What you will do -
Please output every record below exactly as written, leaving out any pictures.
----------------
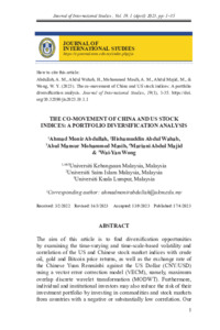 Abdullah, Ahmad Monir and Abdul Wahab, Hishamuddin and Mohammed Masih, Abul Mansur and Abdul Majid, Mariani and Wong, Wai-Yan (2023) The Co-Movement of China and US Stock Indices: A Portfolio Diversification Analysis. Journal of International Studies (JIS), 19 (1). pp. 1-35. ISSN 1823-691X
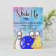 Diversão "Divirtam-se", Tema de Cor Azul, Convite de Festa de Meninos. Este convite é definido sobre um impressionante fundo tie dye (azul). Ele usa um tema retrô vibrante e colorido com esquema de cores da moda. Personagens de boliche de desenho kawaii acentuam a diversão!
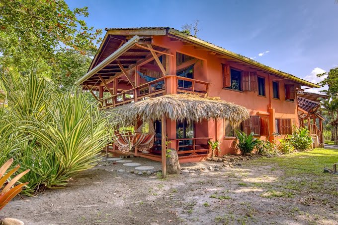 The oceanfront property of Casa Jessica & Changes In Latitude Seaside Suites sits directly in front of the Caribbean Sea. The property is nestled on a quiet beachfront road through the jungle just 3.5 kms from the center of Puerto Viejo where you can enjoy an eclectic mix of shopping, dining, and nightlife. Our large 4-bedroom beach house with 2 separate entrances is connected to the additional 3 rental suites above with a large covered breezeway. The house and rental suites can accommodate 17 people with 6 kitchens, 7 bedrooms and 7 bathrooms for the guests. There is an onsite manager available to assist with any needs throughout your trip. The beach house can be rented completely for large groups or separately for groups of 2 to 9 people. We have a large, tropical backyard garden with direct access to the river behind us and the secluded beach area out in front. Our eco-friendly property uses a rainwater collection system and our power supply is totally solar with a back-up generator for overcast days. Wi-Fi is provided by Starlink making it easy for those who work remotely to stay connected while enjoying the natural biodiversity that the Caribbean coast has to offer. Take in the clean fresh air of our beautiful beach haven while you enjoy wandering among the fruit-filled coconut trees on our wide stretch of shoreline. You’ll fall asleep to the sound of the ocean and awaken to a jungle symphony of chirping birds and howling monkeys. Wildlife surrounds you - iguanas, geckos, toucans, sloths, monkeys and the famous Blue Morpho butterfly. In the turtle season (summer and fall) huge leatherback turtles lay their eggs right on the beach in front of our property!
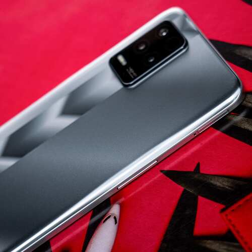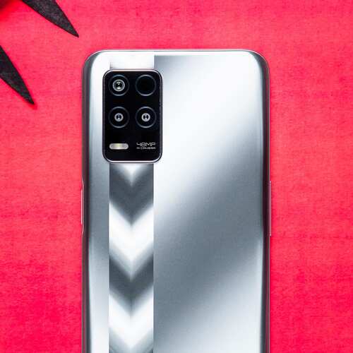 The Realme Narzo 30 5G comes with a polycarbonate back with what Realme describes as a ‘Racing Silver’ design. Silver owing to the colour. The phone also comes in a Racing Blue colour variant. It features a triple-rear camera setup that is placed inside a vertically placed camera module that is stacked towards the left side. This camera module is placed on top a silver strip with downward-facing arrow finish. The phone features a metallic chassis with a flat-screen design, all of which make the phone look quite sleek and premium. However, the back is a fingerprint magnet. Thankfully, Realme ships a transparent back cover that keeps smudges at bay.
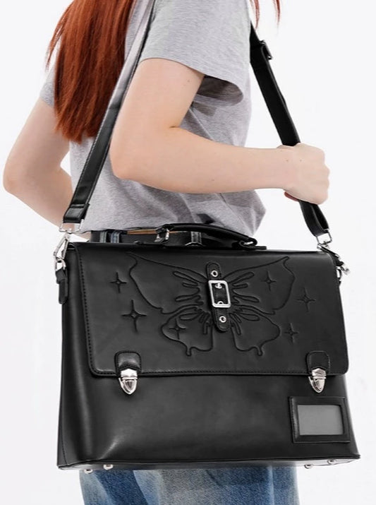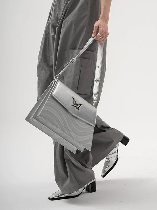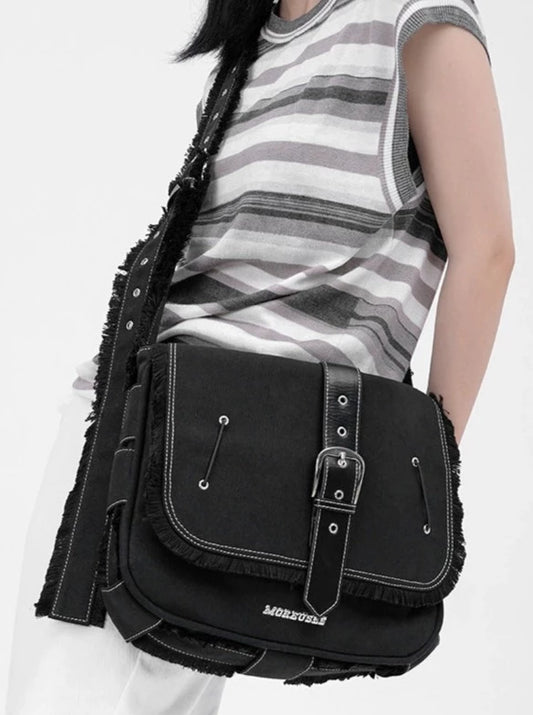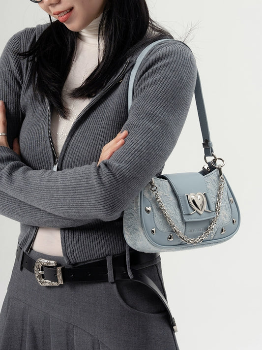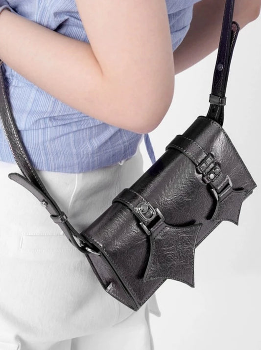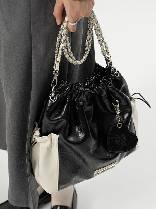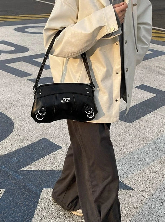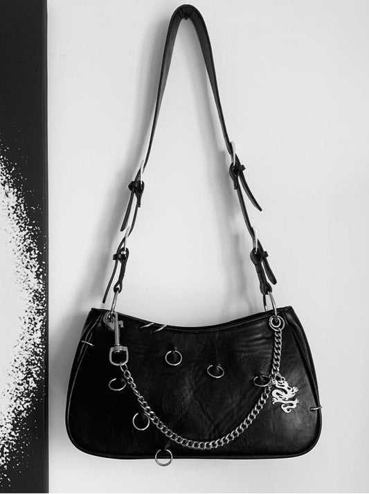 レトロパンクメタルリングチェーンオイルワックスレザーバッグ
----------------
Your solution -
 Abdullah, Ahmad Monir and Abdul Wahab, Hishamuddin and Mohammed Masih, Abul Mansur and Abdul Majid, Mariani and Wong, Wai-Yan (2023) The Co-Movement of China and US Stock Indices: A Portfolio Diversification Analysis. Journal of International Studies (JIS), 19 (1). pp. 1-35. ISSN 1823-691X
 Diversão "Divirtam-se", Tema de Cor Azul, Convite de Festa de Meninos. Este convite é definido sobre um impressionante fundo tie dye (azul). Ele usa um tema retrô vibrante e colorido com esquema de cores da moda. Personagens de boliche de desenho kawaii acentuam a diversão!
 The oceanfront property of Casa Jessica & Changes In Latitude Seaside Suites sits directly in front of the Caribbean Sea. The property is nestled on a quiet beachfront road through the jungle just 3.5 kms from the center of Puerto Viejo where you can enjoy an eclectic mix of shopping, dining, and nightlife. Our large 4-bedroom beach house with 2 separate entrances is connected to the additional 3 rental suites above with a large covered breezeway. The house and rental suites can accommodate 17 people with 6 kitchens, 7 bedrooms and 7 bathrooms for the guests. There is an onsite manager available to assist with any needs throughout your trip. The beach house can be rented completely for large groups or separately for groups of 2 to 9 people. We have a large, tropical backyard garden with direct access to the river behind us and the secluded beach area out in front. Our eco-friendly property uses a rainwater collection system and our power supply is totally solar with a back-up generator for overcast days. Wi-Fi is provided by Starlink making it easy for those who work remotely to stay connected while enjoying the natural biodiversity that the Caribbean coast has to offer. Take in the clean fresh air of our beautiful beach haven while you enjoy wandering among the fruit-filled coconut trees on our wide stretch of shoreline. You’ll fall asleep to the sound of the ocean and awaken to a jungle symphony of chirping birds and howling monkeys. Wildlife surrounds you - iguanas, geckos, toucans, sloths, monkeys and the famous Blue Morpho butterfly. In the turtle season (summer and fall) huge leatherback turtles lay their eggs right on the beach in front of our property!
 The Realme Narzo 30 5G comes with a polycarbonate back with what Realme describes as a ‘Racing Silver’ design. Silver owing to the colour. The phone also comes in a Racing Blue colour variant. It features a triple-rear camera setup that is placed inside a vertically placed camera module that is stacked towards the left side. This camera module is placed on top a silver strip with downward-facing arrow finish. The phone features a metallic chassis with a flat-screen design, all of which make the phone look quite sleek and premium. However, the back is a fingerprint magnet. Thankfully, Realme ships a transparent back cover that keeps smudges at bay.
 レトロパンクメタルリングチェーンオイルワックスレザーバッグ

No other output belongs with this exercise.